The trip to India would be part of his commitment to lead two international trade missions every year, and would be the first such delegation.
"We know that a free trade agreement of the gold standard that we've been able to negotiate elsewhere is still a way off but we believe that building out that relationship creates huge opportunity for New Zealand businesses, New Zealand exporters, and New Zealand service industries as well.
"So we'll be very much focused on that in the next term."
Asked about the prospect of a free trade agreement, he said "you don't make a trade agreement simply by telling another country that you're going to have a free trade agreement with them - you actually have to have a relationship, that's a two-way thing. India have made it pretty clear they want to see us building out a relationship before they're willing to go into negotiations about something like a gold-standard free trade agreement.
"We need to do that - and so Damien O'Connor was there last week. Clearly we've been focused on building that relationship and a visit by me within the first 100 days after a new government takes office, I think, will be a really clear sign we want to further and deepen our relationship with India."
Hipkins said he was a "realist" when it came to a free trade agreement with India.
"You have to have a willing party on both sides, New Zealand's dead keen to have a free trade agreement with India - that in itself is not enough to make one happen."

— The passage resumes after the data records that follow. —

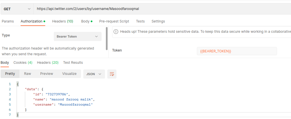 Header: Authorization - Type: "Bearer Token" (Provide Bearer Token extracted while generating API keys and tokens from Twitter Developer Portal)
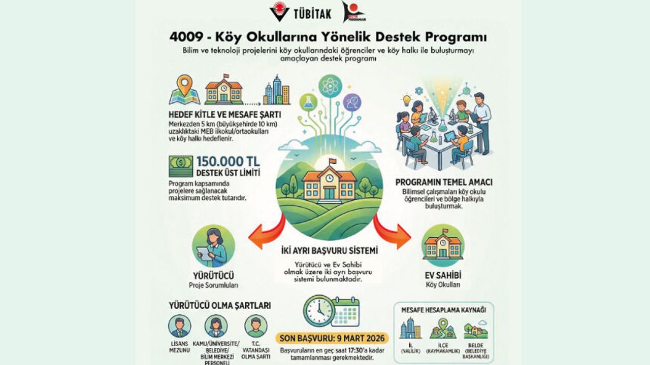 TÜBİTAK 4009 Köy Okullarına Yönelik Destek Programı ile bilimsel projeleri köy okullarına ve bölge halkına taşıyoruz! Son Başvuru Tarihi: 9 Mart 2026
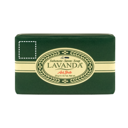 Soap made with a vegetable soap base and Lavender fragrance, with a soft texture that leaves the skin perfumed. Its small size is ideal for carrying in your gym bag or for travelling. Traditionally produced in Portugal. Capacity 20 g. Classic packaging that retains the original design, with its green background decorated with small graphics representing lavender flowers. 59 x 34 x 10 mm
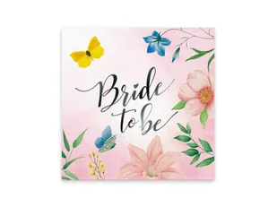 Serwetki papierowe w kolorze różowym w motywie kwiatowym z czarnym napisem Bride To Be. Wymiary: 33 cm x 33 cm (po rozłożeniu). Opakowanie: 10 szt.
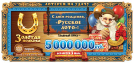 Наверняка многие игроки уже слышали, что на этой неделе лотерея Русское лото отмечает свой 23-й День рождения. Для участников розыгрыша ведущий Михаил Борисов приготовил несколько приятных сюрпризов, ну а поскольку Русское лото уже давно стало символом всех российских лотерей, то праздник отмечается повсеместно, и Домовой из Золотой подковы с удовольствием разыгрывает в 111 тираже большой денежный приз в сумме 5 миллионов рублей. Пусть эти деньги выиграет самый удачливый игрок!
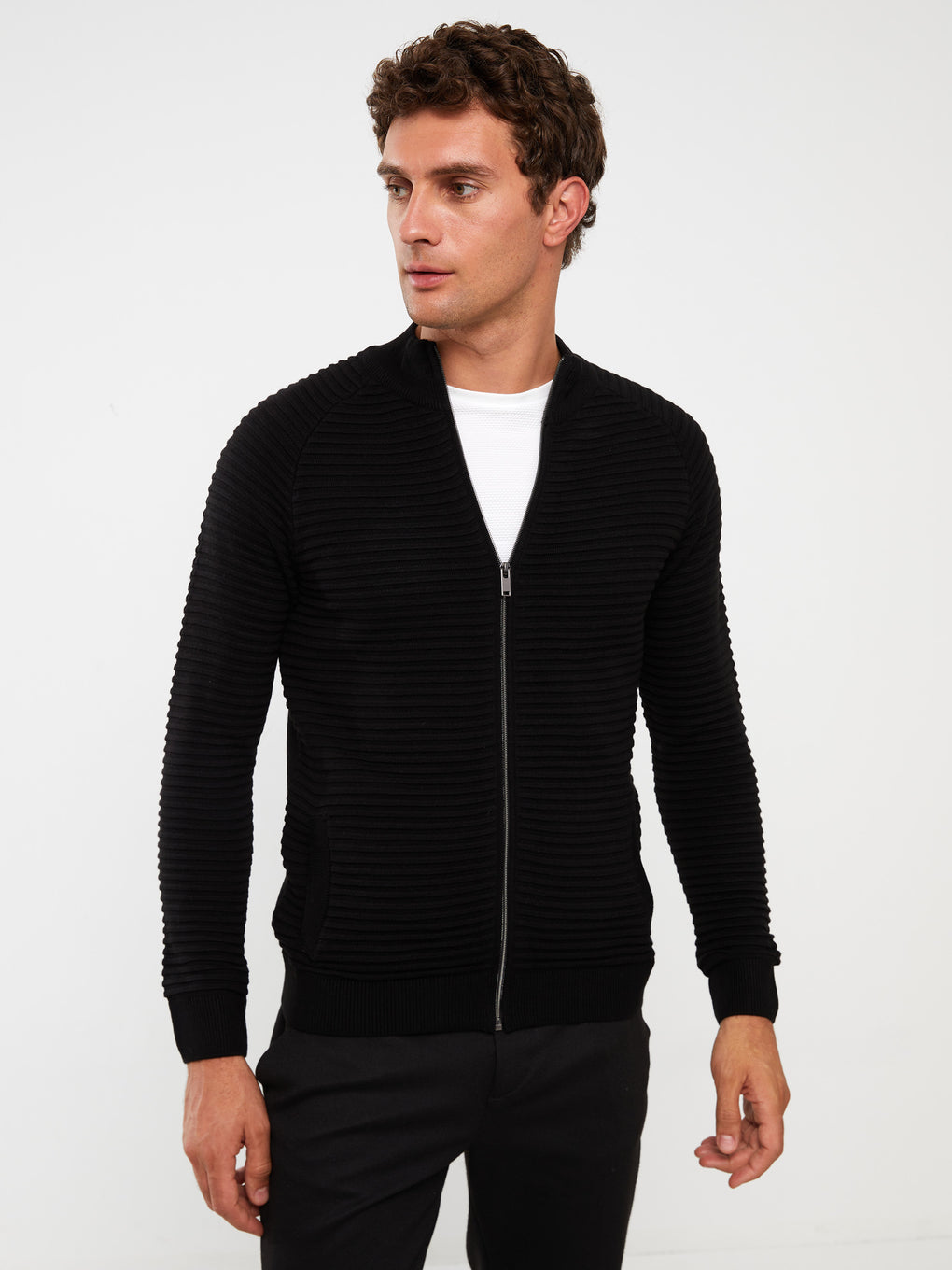 Standard Fit Turtle Neck Men's Tricot Cardigan

"The National Party promised a free trade agreement with India some time ago, and they weren't able to deliver one. What we have delivered is a free trade agreement with the European Union, a free trade agreement with the UK, an upgrade of our free trade agreement with China, the CPTPP which I think is a huge opportunity for New Zealand across a whole range of different economies.
"Ultimately I think the thing that's slowed progress is the lack of willingness on the India side to engage with a free trade agreement."
Hipkins said the proposed Digital Services Tax would not come into place until 2025.
"We are still committed to trying to find a multi-lateral solution ... we're putting in place a backstop so that if we can't get an international agreement on it then we will do our own thing. And many many other countries are doing the same."